So few Italian films make it Stateside that it’s cause for celebration—if not the eating of a nearly raw sea monster’s heart—when a terrific one appears. Matteo Garrone’s Tale of Tales is a lavish, imaginative fantasy based on the pre-Grimm fairytales of early-seventeenth-century Neapolitan poet and courtier Giambattista Basile. Salma Hayek plays a morose queen so desperate for a child that her doting husband—played by John C. Reilly, looking cockeyed with love, like a lovestruck teenager—undertakes a deadly mission that he has been assured will result in a pregnancy: He drops to the bottom of the sea in one of those spooky old-fashioned diver’s suits to kill a beast lurking there, a surly behemoth the color of white marble. The creature’s heart must be fed to the queen, and when it’s presented to her on a platter, red and oozy and barely cooked, she tears into it with her hands, gnawing away at with gusto.

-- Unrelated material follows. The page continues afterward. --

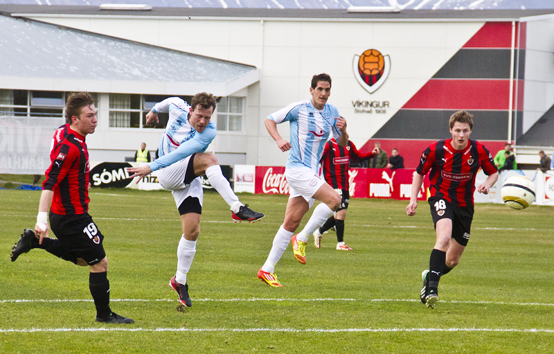 Ingólfur fékk boltann rétt fyrir framan vítateiginn, fór framhjá einum leikmanni Víkinga og hamraði boltann svo ofarlega í hornið fjær – fallegt mark hjá söngvaranum.

And that’s just for openers. Vincent Cassel plays the libidinous king of a neighboring land, a libertine who has become bored with outdoor orgies and the like. When he hears the seductive singing of a creature whom he believes to be a fair maiden, he vows to have her in his bed, wooing her with jewels and dulcet promises. Eventually, she does become his bride—she’s played by Stacy Martin, of Lars von Trier’s Nymphomaniac— but because this is a fairytale, nothing is as it seems, not even Cassel’s demure, ivory-skinned bride. Meanwhile, another kingdom over, Toby Jones plays a ruler who becomes so enthralled with his pet flea that he ignores his sweet but rather simpering daughter (Bebe Cave), who is eventually married off to a—well, you should see that for yourself.
Garrone is most famous for his 2008 gangster drama Gomorrah, but Tale of Tales—which is in English, and which is chiefly an Italian production, with co-producers from France and the UK—is a far different animal. This is definitely a fairytale for grown-ups: It simmers with a mad, vibrating erotic energy, and its color palette, opulent and dusty at once, might be summed up as faded red-and-gilt boudoir. There are many visual wonders to sink into here: In that Jules Verne-style metal suit, Reilly’s king, moving in slow-motion at the bottom of the ocean as if spellbound, is the center of a tableau of muted horror and drifty magic. And Jones’s flea, with its bright button eyes and pinky-gray skin, is half endearing, half repulsive, a creepy-crawly movie critter that’s also a flight of fancy. All fairytales have hidden meanings and motives, expressing everything from repressed desire to frustration with societal norms. There are doubtless hundreds of hidden archetypal complexities in Tale of Tales—but to bask in its weird, warped beauty is pleasure enough.